Opbrengsten van de studietweedaagse voor daltonopleiders en –adviseurs in mei.
De tijd dat mensen een lintje kregen voor het feit dat ze veertig jaar bij dezelfde baas werkten, ligt voor een groot deel achter ons. Lang bij dezelfde werkgever blijven wordt steeds minder als een verdienste gezien. Werk – zelfs het hele concept wat onder arbeid verstaan moet worden – is volop in ontwikkeling. En daarbij zijn anciënniteit, routines en ervaring steeds minder van belang. De wereld verandert in een steeds sneller tempo. En daarbij heeft het onderwijs de opdracht om mee te veranderen en de jeugd voor te bereiden om aan die snel veranderende wereld een bijdrage te kunnen leveren, te kunnen participeren.
Jonge ict’ers solliciteren tegenwoordig op vacatures voor “app-developers”, een beroep dat nog niet bestond toen zij amper vijftien jaar geleden op de basisschool zaten. Het is een voorbeeld van de vraag waarvoor het onderwijs zich gesteld ziet: wat moeten leerlingen leren, die nu op school zitten, om zich straks staande te houden als app-developer, robotopleider, logistiek manager, datapiloot of koersmotivator?
Tijdens de eerste tweedaagse, die het Dalton Netwerk Opleiders (DNO) in haar bestaan, op 23 en 24 mei jl., organiseerde, stond de vraag centraal of het daltononderwijs wel klaar is voor de 21ste eeuw. In twee artikelen doet een aantal opleiders verslag over deze professionaliseringsactiviteit voor de leden van het eigen netwerk. In deel 1 wordt het probleem verkend. In deel 2, dat in het voorjaar van 2014 in DaltonVisie zal verschijnen, wordt de vertaalslag naar het daltononderwijs gemaakt.

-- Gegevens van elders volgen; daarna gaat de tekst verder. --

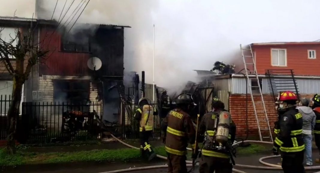 Según información otorgada por el Cuerpo de Bomberos de Osorno, el siniestro se habría originado en el primer piso del hogar, tras quemarse un sillón que estaba a cercano una estufa prendida.

De voorbereidingsgroep – Stef van Wickeren, Hilde-Marie van Slochteren en Hans Wolthuis – had Stephanie Ottenheijm bereid gevonden om als keynote speaker een centrale inleiding te houden op de tweedaagse. Het thema waarover zij sprak was: 21st Century Readiness.

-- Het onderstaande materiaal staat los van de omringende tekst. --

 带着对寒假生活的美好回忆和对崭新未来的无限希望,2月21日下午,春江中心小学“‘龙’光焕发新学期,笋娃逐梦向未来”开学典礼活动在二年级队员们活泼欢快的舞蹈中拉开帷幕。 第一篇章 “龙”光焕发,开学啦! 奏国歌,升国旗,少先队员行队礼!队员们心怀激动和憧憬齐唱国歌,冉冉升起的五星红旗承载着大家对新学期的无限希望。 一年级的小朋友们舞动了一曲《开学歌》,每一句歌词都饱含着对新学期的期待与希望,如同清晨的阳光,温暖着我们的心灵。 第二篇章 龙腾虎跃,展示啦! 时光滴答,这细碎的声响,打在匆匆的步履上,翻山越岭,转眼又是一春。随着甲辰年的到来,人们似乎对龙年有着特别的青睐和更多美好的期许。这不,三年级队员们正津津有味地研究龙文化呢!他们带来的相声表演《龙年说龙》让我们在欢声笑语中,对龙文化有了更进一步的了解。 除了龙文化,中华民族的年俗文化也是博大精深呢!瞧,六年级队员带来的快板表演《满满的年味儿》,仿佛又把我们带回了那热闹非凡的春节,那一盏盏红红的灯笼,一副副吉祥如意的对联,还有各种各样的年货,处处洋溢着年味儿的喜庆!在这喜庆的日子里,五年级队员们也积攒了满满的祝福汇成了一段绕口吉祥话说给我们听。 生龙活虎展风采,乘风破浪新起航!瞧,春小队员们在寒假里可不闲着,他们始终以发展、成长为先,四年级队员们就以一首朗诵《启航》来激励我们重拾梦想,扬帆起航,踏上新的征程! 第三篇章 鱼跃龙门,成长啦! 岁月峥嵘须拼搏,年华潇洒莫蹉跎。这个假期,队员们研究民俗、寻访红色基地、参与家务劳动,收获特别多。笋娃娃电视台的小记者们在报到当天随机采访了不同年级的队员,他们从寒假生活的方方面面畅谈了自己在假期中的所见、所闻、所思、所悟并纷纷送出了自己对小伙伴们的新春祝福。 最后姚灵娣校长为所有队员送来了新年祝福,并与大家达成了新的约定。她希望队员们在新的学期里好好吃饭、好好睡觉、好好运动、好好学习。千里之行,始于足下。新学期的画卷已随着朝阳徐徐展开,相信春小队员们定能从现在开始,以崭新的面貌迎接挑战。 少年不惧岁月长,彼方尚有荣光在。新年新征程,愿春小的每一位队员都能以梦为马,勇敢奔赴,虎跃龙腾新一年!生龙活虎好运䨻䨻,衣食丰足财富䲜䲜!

Ottenheijm is innovatiemanager bij Kennisnet geweest en introduceerde zichzelf als iemand die helpt te ontdekken wat de wereld van morgen vraagt en hoe men zich daarop kan voorbereiden. Ze noemt zich geen futuroloog of trendwatcher, maar vindt zichzelf wel iemand die in staat is om voorbodes op te merken van wat komen gaat. “Terwijl het voor bijna iedereen nog volop winter is, zie ik – bij wijze van spreken – al de sneeuwklokjes staan als teken van een naderende lente. Hetzelfde gebeurt met trends en ontwikkelingen in de maatschappij. In de periferie van de hoofdstroom zijn de voorbodes te onderkennen van wat komen gaat.” Die trends en ontwikkelingen probeert Ottenheijm te extrapoleren, zodat redelijk goed voorspeld kan worden wat komen gaat.

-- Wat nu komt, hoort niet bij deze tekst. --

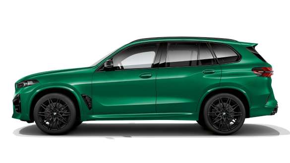Details wie die schwarzen M Kieme, glänzende Spiegelkappen und das X5 M Logo verleihen der Seitenansicht eine sportliche Note.
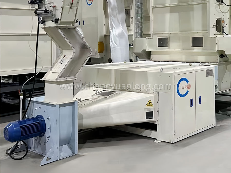 (4)儲棉箱帶強磁鐵除金屬裝置,輸棉風機連接PVC輸棉管道,光滑封閉,不掛棉不漏風。

De voormalige daltonlector Piet van der Ploeg schreef eens dat kinderen voor Parkhurst ‘zzp’ers-in-de-dop’ zijn.
Ottenheijm kan zich daar goed in vinden. Zij stelt dat voorbereiden op de toekomst vooral betekent dat ondernemend gedrag bij kinderen gestimuleerd dient te worden: “Ze moeten freelancers worden, of zzp’ers, net zoals ik dat ben!” En dat betekent, volgens Ottenheijm, leren omgaan met onzekerheden, leren om verschillende rollen te spelen en verschillende petten op te hebben.
Ottenheijm begon haar loopbaan door dagelijks naar het grote kantoorgebouw van KPMG te reizen. Nu is haar ‘kantoor’ slechts een laptop en smartphone. Meer heeft zij niet nodig.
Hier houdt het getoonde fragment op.